**The problem:** In this exercise, the entries below include pictures. Repeat exactly the lines from the line with "라는 생각들로 도배되었지만, 지금" to the line with "ОПИСАНИЕ на бигляр", including both, but without the pictures.

**Dataset content:**

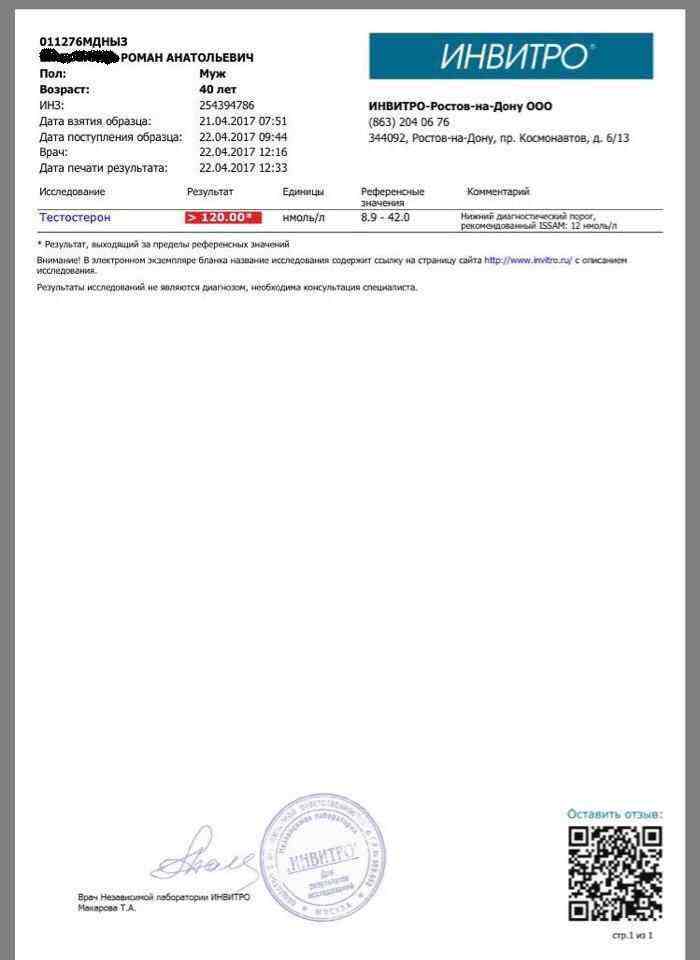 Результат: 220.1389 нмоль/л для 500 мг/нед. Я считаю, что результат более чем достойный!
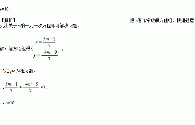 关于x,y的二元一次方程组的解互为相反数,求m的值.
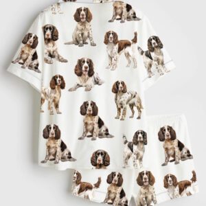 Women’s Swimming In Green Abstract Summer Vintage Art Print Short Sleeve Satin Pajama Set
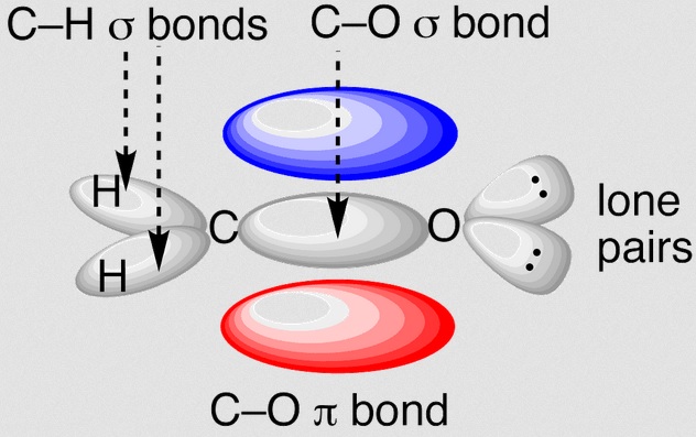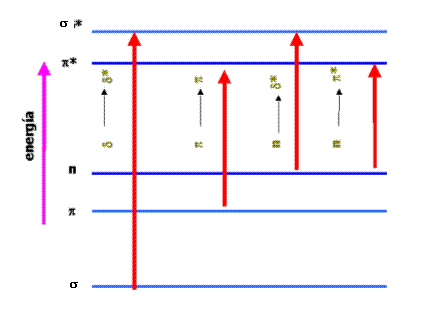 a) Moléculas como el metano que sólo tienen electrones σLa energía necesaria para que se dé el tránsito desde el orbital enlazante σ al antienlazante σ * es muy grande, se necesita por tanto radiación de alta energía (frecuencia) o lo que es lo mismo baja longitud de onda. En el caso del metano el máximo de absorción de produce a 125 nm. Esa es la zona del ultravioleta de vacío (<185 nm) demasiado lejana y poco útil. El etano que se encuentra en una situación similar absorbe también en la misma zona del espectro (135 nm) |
...
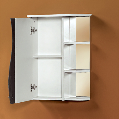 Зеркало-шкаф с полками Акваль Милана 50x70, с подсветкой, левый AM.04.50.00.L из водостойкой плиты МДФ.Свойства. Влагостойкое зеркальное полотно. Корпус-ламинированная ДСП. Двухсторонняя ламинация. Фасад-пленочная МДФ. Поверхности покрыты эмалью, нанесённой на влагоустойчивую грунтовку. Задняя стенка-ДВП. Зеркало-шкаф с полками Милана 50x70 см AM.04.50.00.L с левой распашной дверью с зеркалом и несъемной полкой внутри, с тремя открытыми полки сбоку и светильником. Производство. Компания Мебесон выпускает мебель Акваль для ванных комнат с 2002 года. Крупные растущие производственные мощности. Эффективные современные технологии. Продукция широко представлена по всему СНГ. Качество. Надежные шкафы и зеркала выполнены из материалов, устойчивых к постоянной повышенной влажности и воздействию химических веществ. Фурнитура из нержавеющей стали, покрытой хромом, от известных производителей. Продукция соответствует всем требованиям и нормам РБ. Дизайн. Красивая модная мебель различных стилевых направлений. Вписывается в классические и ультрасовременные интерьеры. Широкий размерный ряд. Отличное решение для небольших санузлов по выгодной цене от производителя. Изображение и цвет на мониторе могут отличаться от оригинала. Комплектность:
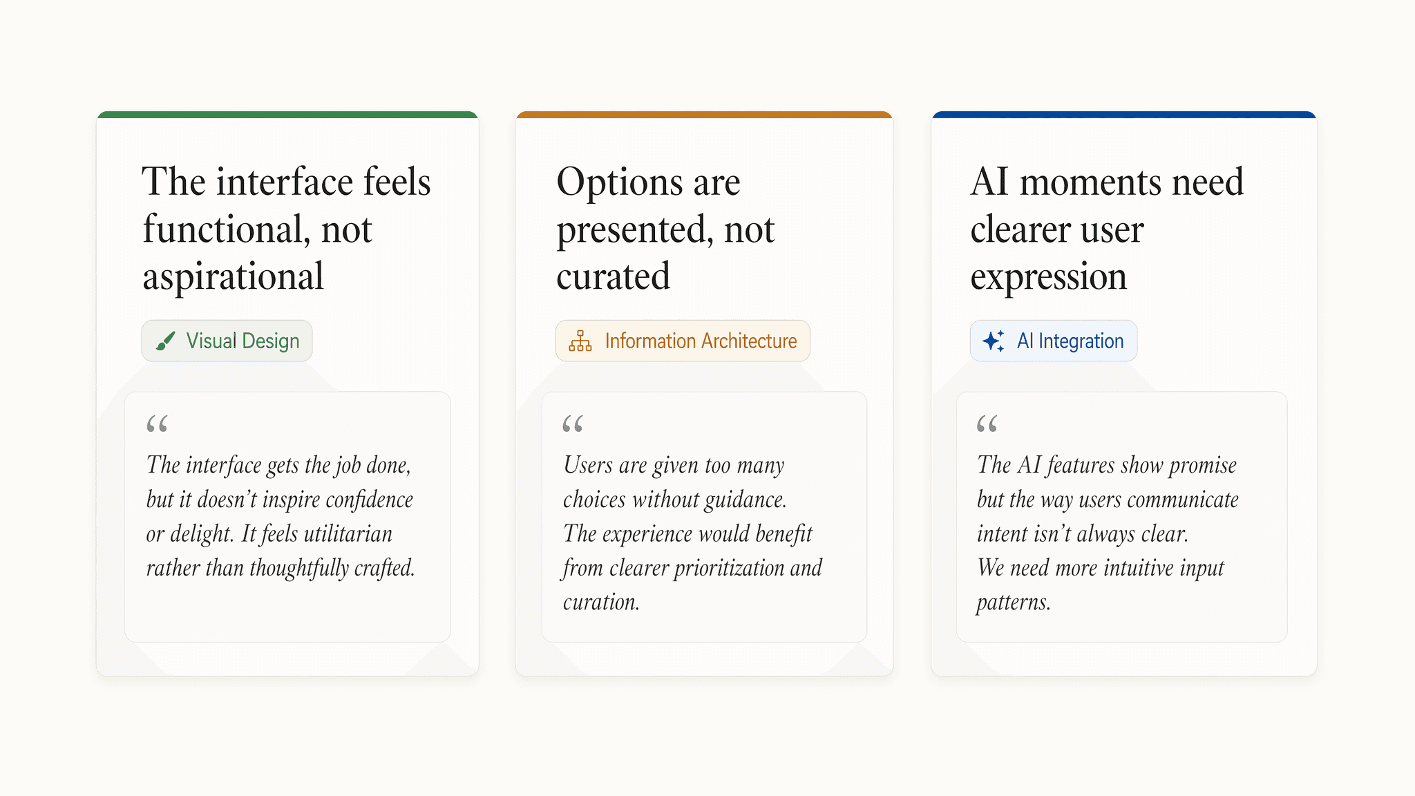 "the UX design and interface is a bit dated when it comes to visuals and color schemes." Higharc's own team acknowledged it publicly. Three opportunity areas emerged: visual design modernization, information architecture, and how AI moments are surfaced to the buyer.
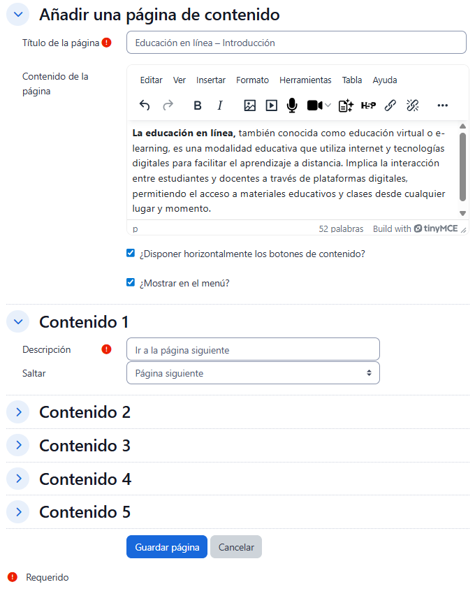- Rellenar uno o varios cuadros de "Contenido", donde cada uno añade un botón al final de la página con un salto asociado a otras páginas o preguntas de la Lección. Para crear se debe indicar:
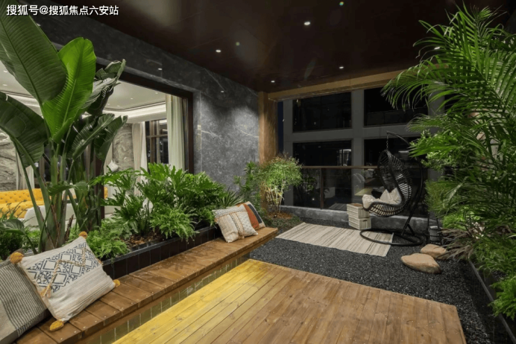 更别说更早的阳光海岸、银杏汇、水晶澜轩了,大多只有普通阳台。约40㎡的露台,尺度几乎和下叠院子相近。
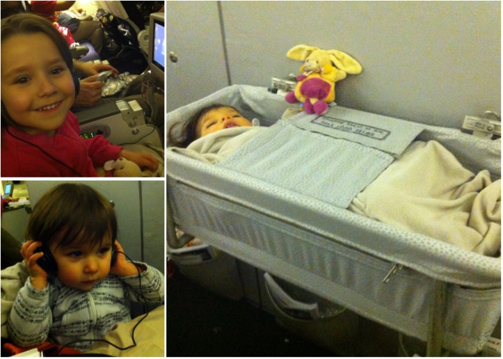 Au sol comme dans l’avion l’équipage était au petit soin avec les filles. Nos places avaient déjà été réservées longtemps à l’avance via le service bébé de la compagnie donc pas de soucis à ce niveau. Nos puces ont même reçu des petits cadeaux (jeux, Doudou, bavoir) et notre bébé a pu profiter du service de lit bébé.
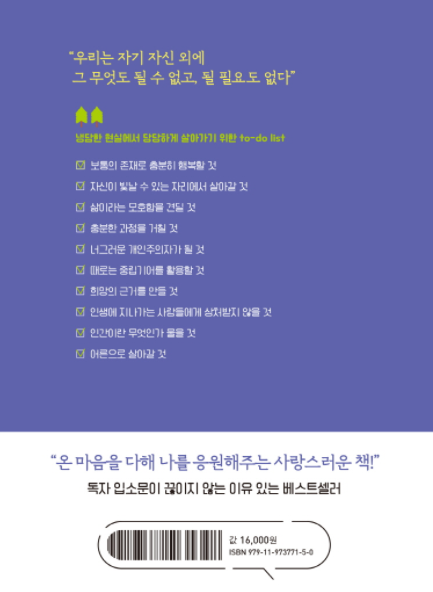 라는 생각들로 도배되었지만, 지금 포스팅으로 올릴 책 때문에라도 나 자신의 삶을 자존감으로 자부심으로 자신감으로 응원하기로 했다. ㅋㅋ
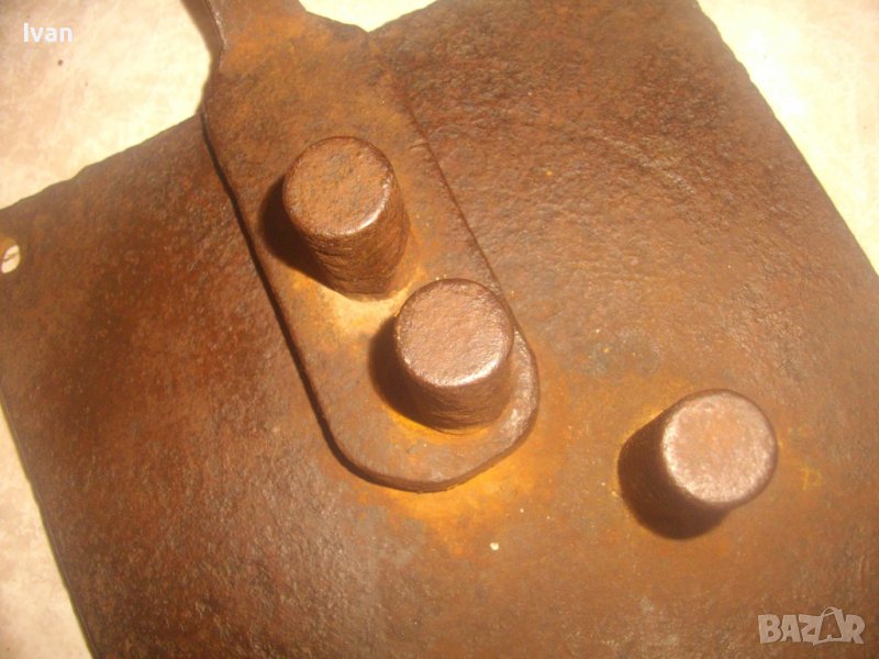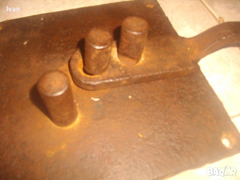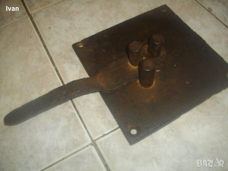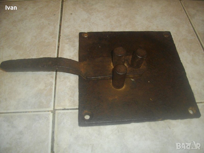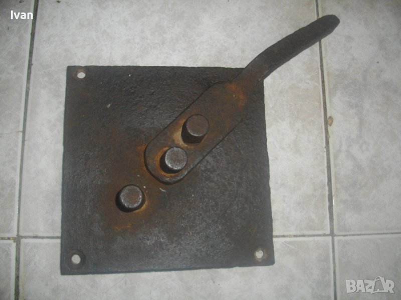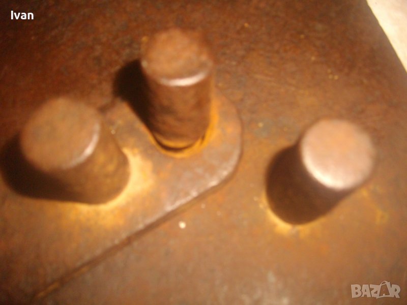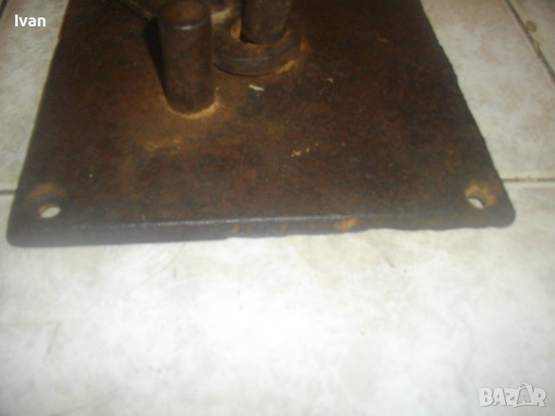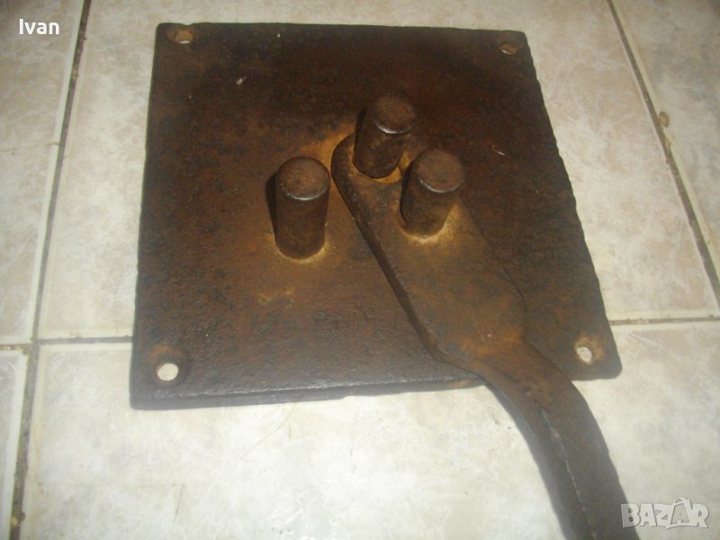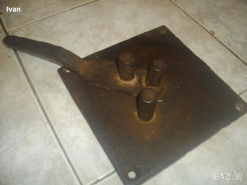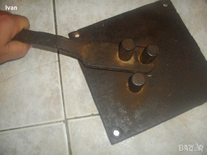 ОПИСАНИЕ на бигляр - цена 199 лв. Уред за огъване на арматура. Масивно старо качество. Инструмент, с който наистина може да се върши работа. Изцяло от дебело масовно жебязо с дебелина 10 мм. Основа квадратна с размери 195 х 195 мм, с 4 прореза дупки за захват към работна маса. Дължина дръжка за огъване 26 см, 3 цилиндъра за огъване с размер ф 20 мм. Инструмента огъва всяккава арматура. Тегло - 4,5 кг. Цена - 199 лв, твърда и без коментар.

**Response box:**
 라는 생각들로 도배되었지만, 지금 포스팅으로 올릴 책 때문에라도 나 자신의 삶을 자존감으로 자부심으로 자신감으로 응원하기로 했다. ㅋㅋ
 ОПИСАНИЕ на бигляр - цена 199 лв. Уред за огъване на арматура. Масивно старо качество. Инструмент, с който наистина може да се върши работа. Изцяло от дебело масовно жебязо с дебелина 10 мм. Основа квадратна с размери 195 х 195 мм, с 4 прореза дупки за захват към работна маса. Дължина дръжка за огъване 26 см, 3 цилиндъра за огъване с размер ф 20 мм. Инструмента огъва всяккава арматура. Тегло - 4,5 кг. Цена - 199 лв, твърда и без коментар.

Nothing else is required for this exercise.